“Welcome to the Modern World” greets visitors on MLB.com’s All-Star Game voting page, an irony that is becoming painfully clear for an organization that has underestimated some fans’ ability to optimize online content and social media to their own advantage, with staggering results.
This year voting is being offered exclusively online, in two languages and mobile friendly, for the first time worldwide. No one counted on tech-savvy fans empowering themselves to lift a single team, the Kansas City Royals, to the top of the heap – at one point filling an unprecedented eight out of nine starting positions, which is now five starters as of June 29, and altering the odds of securing the World Series home-field advantage. With so much at stake for a lighthearted exhibition game, articles abound, from sites that run the gamut from ESPN and CBS Sports to Huffington Post and Business Insider, are either hailing or vilifying Royals fans for the results. Regardless of who you root for, it’s obvious there’s a lot that can be learned from this strange twist in user engagement.

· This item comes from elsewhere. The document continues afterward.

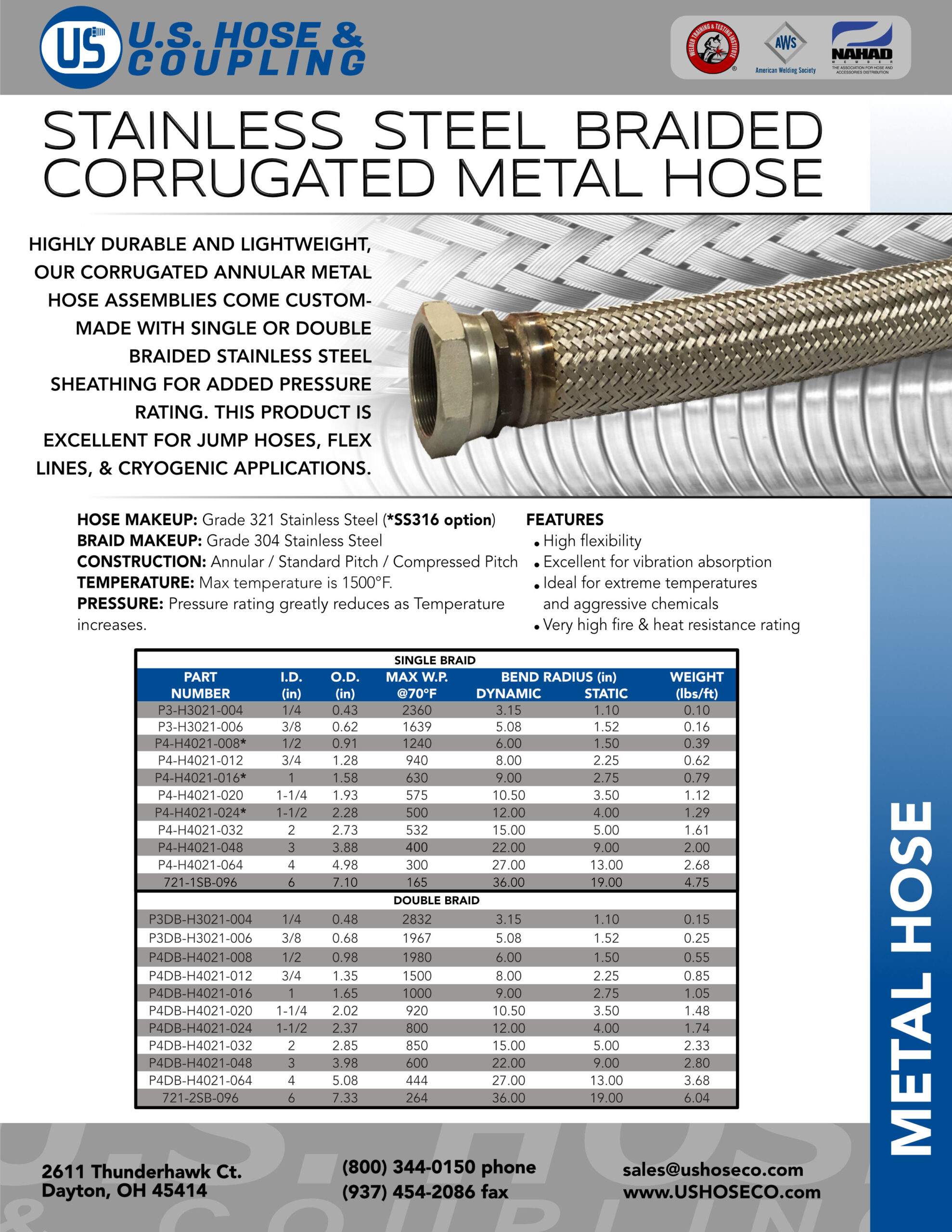 Download our METAL HOSE FLYER (~5 MB) for more detailed information on U.S. Hose & Coupling's Metal Hose Division.

The Esurance All-Star Game Ballot is the largest of its kind in professional sports, which makes it a highly visible marketing initiative. In addition to fans being able to vote as many as 35 times per unique email address, they’re encouraged to share the voting page via Facebook and Twitter, as well as to continue the discussion online with #ASGWorthy. With all of the teams promoting this event, what makes Kansas City so different?
During the 2014 season, StatSocial released a report on the demographics that comprise MLB’s fan base. It cited nearly a third of baseball fans falling between the ages of 25-34, with very tech-friendly interests and lifestyles. It’s logical then that voters for this year’s All-Star game would be especially adept at leveraging such a modern voting system. With Kansas City’s recent rise in success as a team, its fan base has been reinvigorated with a massive injection of these younger fans, who are inherently comfortable and active on social media. Add to that a roster of equally young players who are also active and engaged with fans on social media, and you have an optimal, responsive audience for such a campaign.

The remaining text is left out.